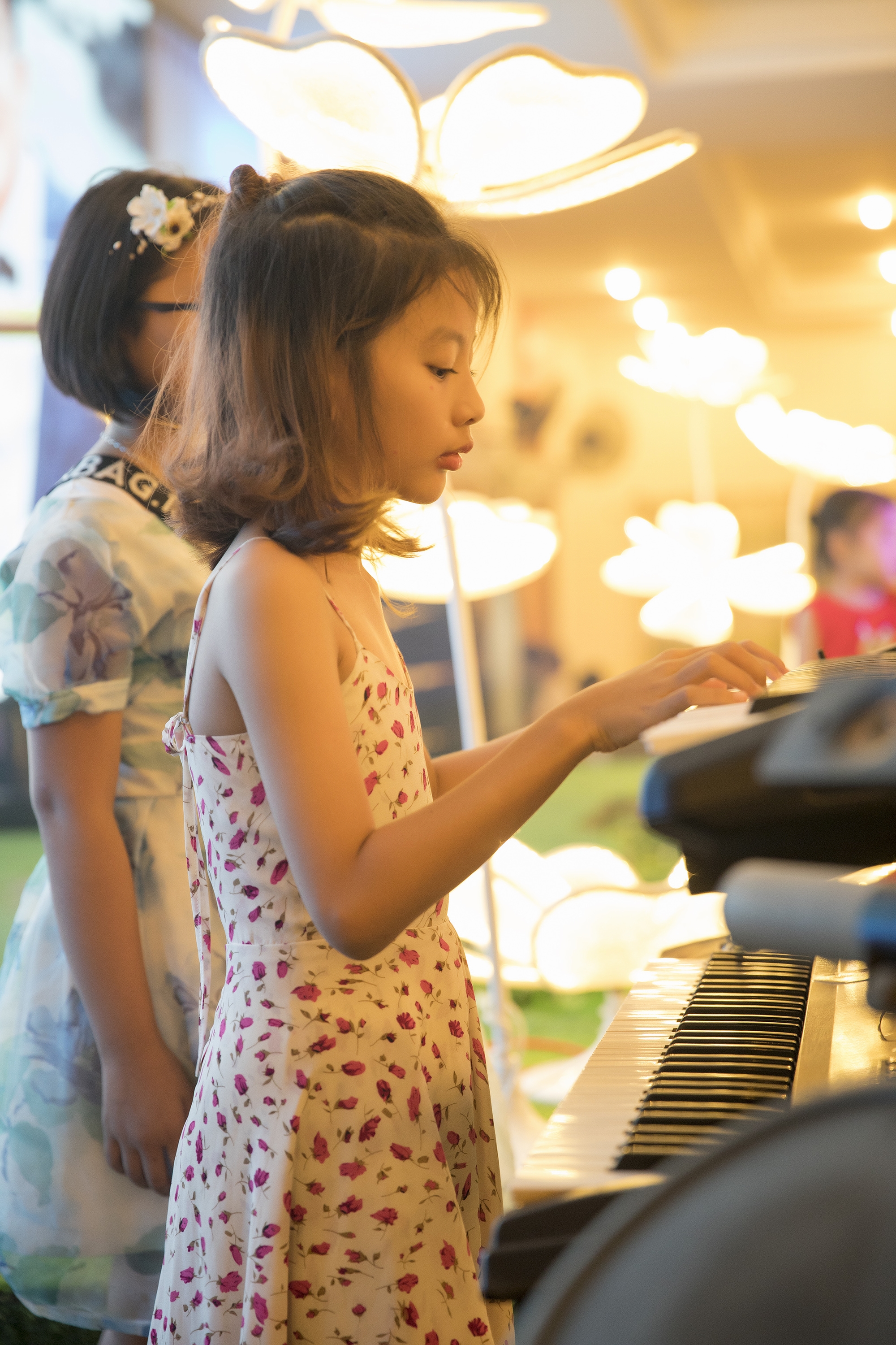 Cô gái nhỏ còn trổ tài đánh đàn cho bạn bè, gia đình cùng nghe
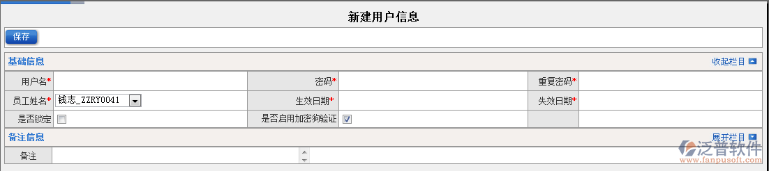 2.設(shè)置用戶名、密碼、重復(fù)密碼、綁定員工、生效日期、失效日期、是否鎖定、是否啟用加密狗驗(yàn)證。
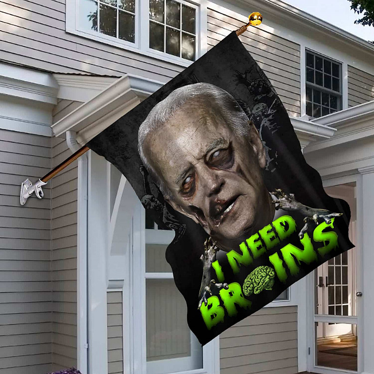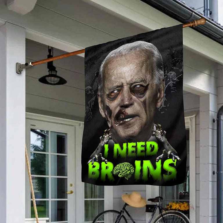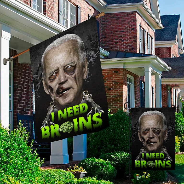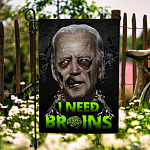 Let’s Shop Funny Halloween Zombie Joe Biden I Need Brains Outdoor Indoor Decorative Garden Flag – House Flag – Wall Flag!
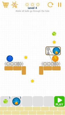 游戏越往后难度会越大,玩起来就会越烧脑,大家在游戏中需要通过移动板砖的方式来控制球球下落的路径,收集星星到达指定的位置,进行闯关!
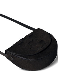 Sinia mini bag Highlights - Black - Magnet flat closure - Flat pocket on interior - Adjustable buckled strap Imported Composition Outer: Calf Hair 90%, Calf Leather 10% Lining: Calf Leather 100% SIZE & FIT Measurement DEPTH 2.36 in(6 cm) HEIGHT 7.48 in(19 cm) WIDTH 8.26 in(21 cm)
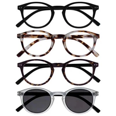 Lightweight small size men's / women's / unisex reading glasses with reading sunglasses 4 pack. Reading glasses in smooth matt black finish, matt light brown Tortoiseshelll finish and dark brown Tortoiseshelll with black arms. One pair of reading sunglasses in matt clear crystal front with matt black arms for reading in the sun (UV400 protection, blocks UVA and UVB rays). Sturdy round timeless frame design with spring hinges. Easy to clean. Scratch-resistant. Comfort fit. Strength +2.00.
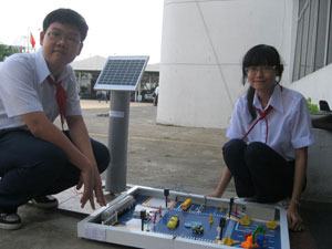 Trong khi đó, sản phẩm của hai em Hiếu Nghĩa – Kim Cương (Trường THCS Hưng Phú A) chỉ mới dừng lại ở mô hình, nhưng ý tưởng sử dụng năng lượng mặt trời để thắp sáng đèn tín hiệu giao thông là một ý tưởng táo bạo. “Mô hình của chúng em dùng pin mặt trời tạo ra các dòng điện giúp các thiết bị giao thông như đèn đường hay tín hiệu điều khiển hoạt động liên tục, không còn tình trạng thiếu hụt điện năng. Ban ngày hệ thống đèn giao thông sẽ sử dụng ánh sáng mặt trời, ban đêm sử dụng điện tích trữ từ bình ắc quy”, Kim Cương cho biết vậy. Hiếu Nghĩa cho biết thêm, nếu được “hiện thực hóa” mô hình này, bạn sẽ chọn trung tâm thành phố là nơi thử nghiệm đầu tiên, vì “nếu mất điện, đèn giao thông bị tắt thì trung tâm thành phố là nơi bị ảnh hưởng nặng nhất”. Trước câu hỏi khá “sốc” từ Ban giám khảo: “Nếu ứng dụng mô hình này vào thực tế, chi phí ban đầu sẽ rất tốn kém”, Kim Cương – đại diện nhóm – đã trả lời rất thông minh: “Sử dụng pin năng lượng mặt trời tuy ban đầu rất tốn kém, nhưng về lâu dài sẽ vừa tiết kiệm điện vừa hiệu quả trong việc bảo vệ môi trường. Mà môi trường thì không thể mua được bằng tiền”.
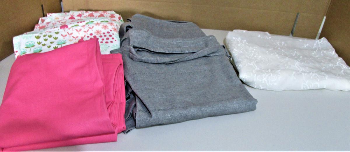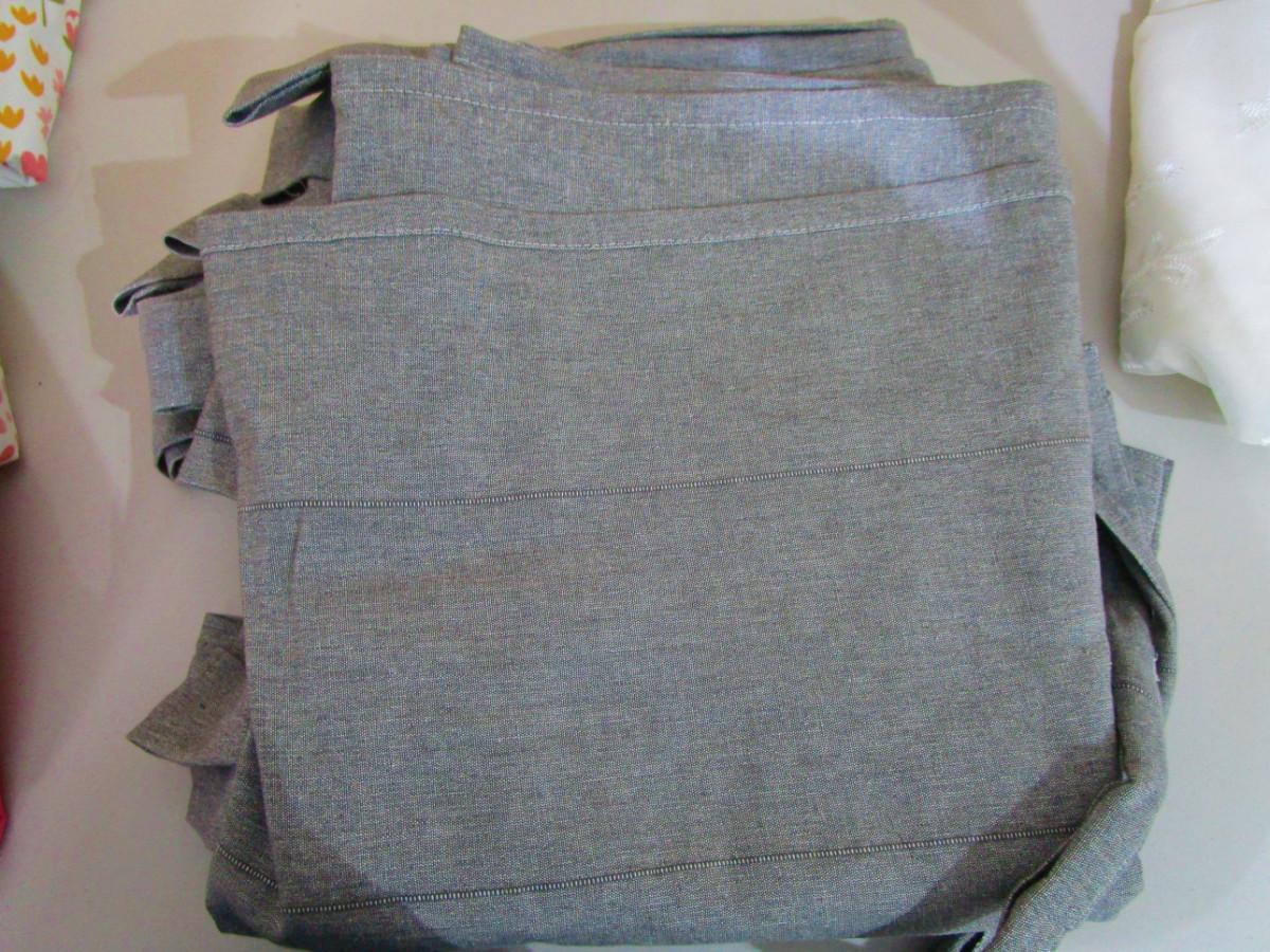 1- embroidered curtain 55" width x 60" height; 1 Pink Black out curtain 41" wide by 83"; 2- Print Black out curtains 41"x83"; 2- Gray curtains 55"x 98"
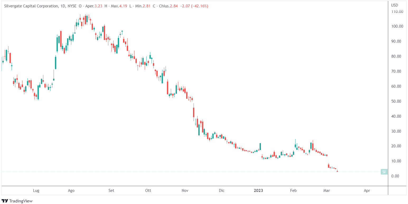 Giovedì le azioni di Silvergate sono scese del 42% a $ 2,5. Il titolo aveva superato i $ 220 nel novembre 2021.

### YOUR TASK
Leave out the pictures, and write out exactly the lines from the line containing "Lightweight small size" through the end of the records above.

### YOUR SOLUTION
 Lightweight small size men's / women's / unisex reading glasses with reading sunglasses 4 pack. Reading glasses in smooth matt black finish, matt light brown Tortoiseshelll finish and dark brown Tortoiseshelll with black arms. One pair of reading sunglasses in matt clear crystal front with matt black arms for reading in the sun (UV400 protection, blocks UVA and UVB rays). Sturdy round timeless frame design with spring hinges. Easy to clean. Scratch-resistant. Comfort fit. Strength +2.00.
 Trong khi đó, sản phẩm của hai em Hiếu Nghĩa – Kim Cương (Trường THCS Hưng Phú A) chỉ mới dừng lại ở mô hình, nhưng ý tưởng sử dụng năng lượng mặt trời để thắp sáng đèn tín hiệu giao thông là một ý tưởng táo bạo. “Mô hình của chúng em dùng pin mặt trời tạo ra các dòng điện giúp các thiết bị giao thông như đèn đường hay tín hiệu điều khiển hoạt động liên tục, không còn tình trạng thiếu hụt điện năng. Ban ngày hệ thống đèn giao thông sẽ sử dụng ánh sáng mặt trời, ban đêm sử dụng điện tích trữ từ bình ắc quy”, Kim Cương cho biết vậy. Hiếu Nghĩa cho biết thêm, nếu được “hiện thực hóa” mô hình này, bạn sẽ chọn trung tâm thành phố là nơi thử nghiệm đầu tiên, vì “nếu mất điện, đèn giao thông bị tắt thì trung tâm thành phố là nơi bị ảnh hưởng nặng nhất”. Trước câu hỏi khá “sốc” từ Ban giám khảo: “Nếu ứng dụng mô hình này vào thực tế, chi phí ban đầu sẽ rất tốn kém”, Kim Cương – đại diện nhóm – đã trả lời rất thông minh: “Sử dụng pin năng lượng mặt trời tuy ban đầu rất tốn kém, nhưng về lâu dài sẽ vừa tiết kiệm điện vừa hiệu quả trong việc bảo vệ môi trường. Mà môi trường thì không thể mua được bằng tiền”.
 1- embroidered curtain 55" width x 60" height; 1 Pink Black out curtain 41" wide by 83"; 2- Print Black out curtains 41"x83"; 2- Gray curtains 55"x 98"
 Giovedì le azioni di Silvergate sono scese del 42% a $ 2,5. Il titolo aveva superato i $ 220 nel novembre 2021.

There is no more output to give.